Saturday, March 24, 2018

The Way I Danced With You (process)

Michael Johnson & Sarah Blubaugh
(Blank Canvas Theatre, 2018)
Several of my plays have been commissions. There is a need, a proposal, I satisfy certain criteria, the play gets produced, we move on. Then there are the plays I write because I want to write them, I need to. But where do they go? And how do you know if they are even any good?

The Way I Danced With You has followed a process, it keeps moving forward. We read it at music stands in Valdez, Alaska following a two-hour rehearsal. We took three days to rehearse and stage it with scripts in hand, no tech, no set or costumes in Waterloo. And now we have taken three weeks to fully memorize the piece, dress up the actors, and see what it actually looks like or could look like in some future, premiere production.

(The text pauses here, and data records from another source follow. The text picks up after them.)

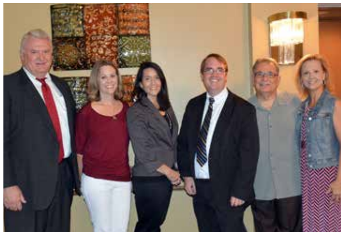
Sivia Business & Legal Services, West & Company, Granny 8 Mortgage & Sunset Hills Country Club, July 16
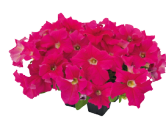
Deep Pink PH0513R/P
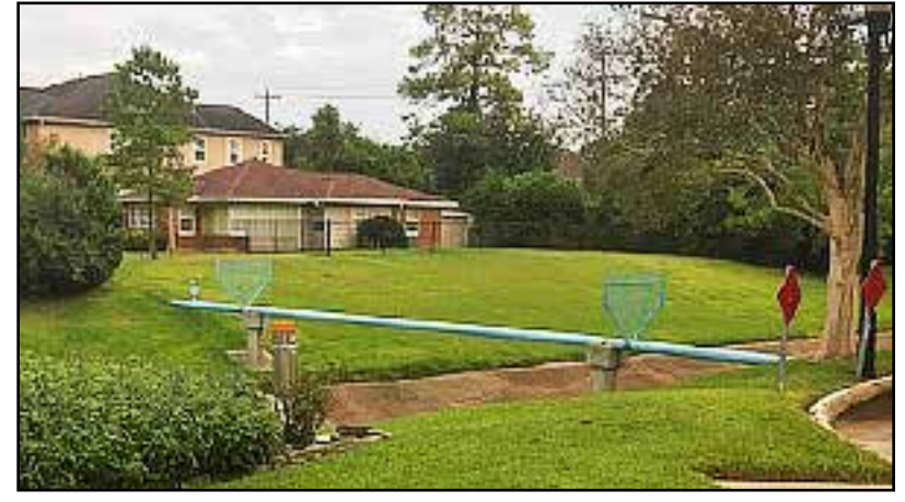
Figure 1: Rain gauge by drainage ditch

The first outer bands of Harvey produced moderate to briefly heavy rainfall. My first day total was 2.98 ending at 7 am on Saturday August 26. This amount caused

It makes a difference, hearing the script aloud. A big difference in this case. At the first read-through a few weeks back, Sarah (playing Dani at Blank Canvas) observed that the second scene or act is entirely different when read out loud, looking at the person you’re speaking to you, about the person you're speaking to.You really have to do that to understand what is happening and the emotions involved.

It is still a script in progress, but not by much. The first two scenes are pretty much right where I want them. The first was almost completely set in stone after Alaska, I remember cutting an entire page during our brief rehearsal. Tyler and Chloe read it and I was like, wow, we don’t need that at all! It was liberating.

But that third scene … my lead adjudicator at Last Frontier was Kevin Armento (Balls, Devil With the Blue Dress) and one of the most significant questions he asked was; whose play is it? I said I wanted the play to be about both of them. He said that’s fine, but that it was currently Charles’s play, the man’s play. And that this was largely due to the third scene or act.

Chloe Cotton & Tyler Browning
(Last Frontier Theatre Conference, 2016)
Significant revisions were made, for Playwrights’ Local, and then for Blank Canvas. My wife says the play is now about Dani, the woman, that it’s her play. And I am all right with that. But even now, listening to Michael (Charles) in the third scene, playing it all out, I am in sitting in the house constantly thinking about every line -- this could be different, that is unnecessary... Hearing it, seeing it, and seeing her (Dani’s) reaction to everything … it’s important. It’s necessary. I’m seeing and hearing things I’ve never heard in the previous workshops, when scripts were in the way. Reactions are as important as the words themselves.

Having said that, the performances this weekend have been tremendous. And during that scene, that final scene, you could hear a pin drop in the house. No one in the audience moves, they’re all hanging on every word. It’s thrilling. They want to know.

Interestingly, while I leave the ending with a question, Lara, the director, has pretty much made up her mind her mind as to what happens next, after the curtain, and I think it’s pretty clear. Another director might handle that differently, and that’s okay, too.

So there are a few minor edits still to be made on that last scene. But it’s ready to go, this script is ready for a full production.